CONTEMPORAINE JEUNESSE — Après deux tomes consacrés respectivement à l’année de première et celle de terminale de ses héroïnes, Samantha Bailly nous fait retrouver Lou et Sonia, désormais en première année d’études supérieures, respectivement aux Gobelins et en faculté de philo !
Sonia et Lou ont tout affronté ensemble ces dernières années : le regard des autres, l’adolescence, les premiers émois et les choix d’orientation. Pour cela, elles ont dû batailler ferme et tenir tête à leurs familles respectives. Mais les deux jeunes filles ont enfin leur bac en poche et les voilà en train de réaliser leurs rêves : s’installer à Paris, loin des leurs, et s’inscrire dans des établissements prestigieux en adéquation avec leur passion (la Sorbonne pour Sonia, les Gobelins pour Lou). Vive la liberté, la fin des injonctions parentales et place à la colocation ! Les deux jeunes filles ont des caractères très différents et il s’avère assez vite que leurs façons de vivre sont, elles aussi, diamétralement opposées. Alors que Sonia profite des petits plaisirs de la vie étudiante et des fêtes étourdissantes, Lou s’investit à fond dans ses études aux Gobelins et s’enfonce dans le rythme des devoirs à rendre. L’année s’annonce pour le moins électrique !
Tout comme ses protagonistes, cette série de roman a grandi et mûri. Les préoccupations de Lou et Sonia ont en conséquence évolué : elles apprennent désormais à concilier leurs études supérieures avec leur toute nouvelle indépendance. L’accent est donc moins mis sur la création et plus sur leur nouvelle vie, qui demande des ajustements des deux côtés. Cette série de changements va d’ailleurs induire de grosses remises en question, notamment des éducations qu’elles ont reçues et des valeurs qu’elles ont pu en tirer. Il est particulièrement amusant de voir comment les caractères des deux filles vont finalement se révéler aux antipodes de leurs modèles familiaux respectifs ! Et de force de caractère, elles vont en avoir besoin puisque le quotidien n’est malheureusement pas toujours tout rose. Elles vont devoir, comme tout un chacun, affronter leur lot d’échecs (que ce soit au niveau scolaire ou éditorial) et de pertes. On a donc affaire à un roman très ancré dans la réalité et résolument contemporain. À ce propos, le lecteur attentif pourra d’ailleurs trouver des clins d’œil très nets (à des produits ou à des Booktubeuses par exemple).
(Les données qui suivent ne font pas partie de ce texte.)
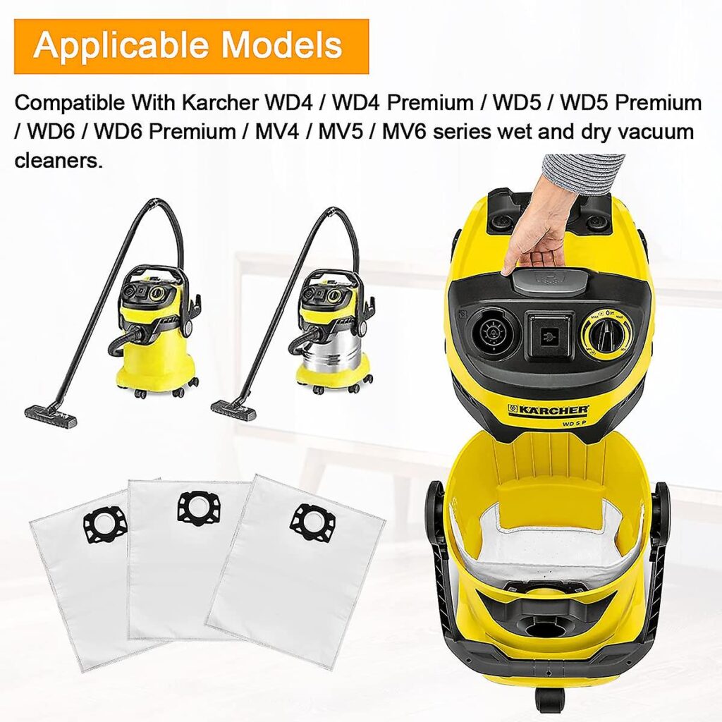توافق واسع مع الطراز: يناسب مجموعة واسعة من موديلات Karcher، بما في ذلك A1000 وA2004 وسلسلة WD5 وسلسلة WD6P والمزيد، مما يوفر حلاً متعدد الاستخدامات لاحتياجاتك في التنظيف بالمكنسة الكهربائية.اللون: أسود

Cela parlera sans aucun doute à de nombreux lecteurs, mais aura malheureusement tendance à en sortir quelques autres de la fiction.
Par ailleurs, malgré la bonne entente qui règne entre elles, quelques dissensions apparaissent entre Lou et Sonia : la colocation est, en effet, un art délicat, qu’il faut apprendre sur le tas, et dont Samantha Bailly décrit très bien les affres. Heureusement, leur relation reste très forte et ressortira grandie des hauts et bas qu’elles traversent et c’est sans doute ce qui rend les deux filles si touchantes.
Dans les deux premiers tomes, on les voyait évoluer séparément, chacune dans sa sphère d’amis et de relations : ici, celles-ci s’entrecroisent et le thème des relations devient central. En entamant leur première année d’étude, elles ont acquis l’indépendance mais, paradoxalement, s’aperçoivent qu’elles font plus que jamais partie d’un réseau de personnes. La famille, les amis (et les petits amis !) sont au centre de leurs préoccupations et de leurs actions et cela entraîne une réflexion vraiment intéressante sur l’humain en tant qu’animal social. De ce point de vue-là, elles traversent des épreuves et questionnements qui ne seront pas étrangers aux lecteurs : faut-il dire la vérité à ses proches au risque de les blesser ? Faut-il se conformer à leurs attentes ou prendre le risque d’être soi-même ?
Autant de questions que chaque lecteur s’est sans doute déjà posées !
Samantha Bailly clôture sa série Nos âmes par ce troisième tome un peu plus adulte. Elle aura, à travers ces trois livres (Nos âmes jumelles, Nos âmes rebelles, Nos âmes plurielles) su décrire le délicat passage à l’âge adulte, le goût doux et amer de l’adolescence, la force des passions et la complexité des relations humaines. Elle tire de cette époque un peu floue, où l’on est libéré du carcan familial tout en étant un peu perdu, un portrait aussi juste que touchant.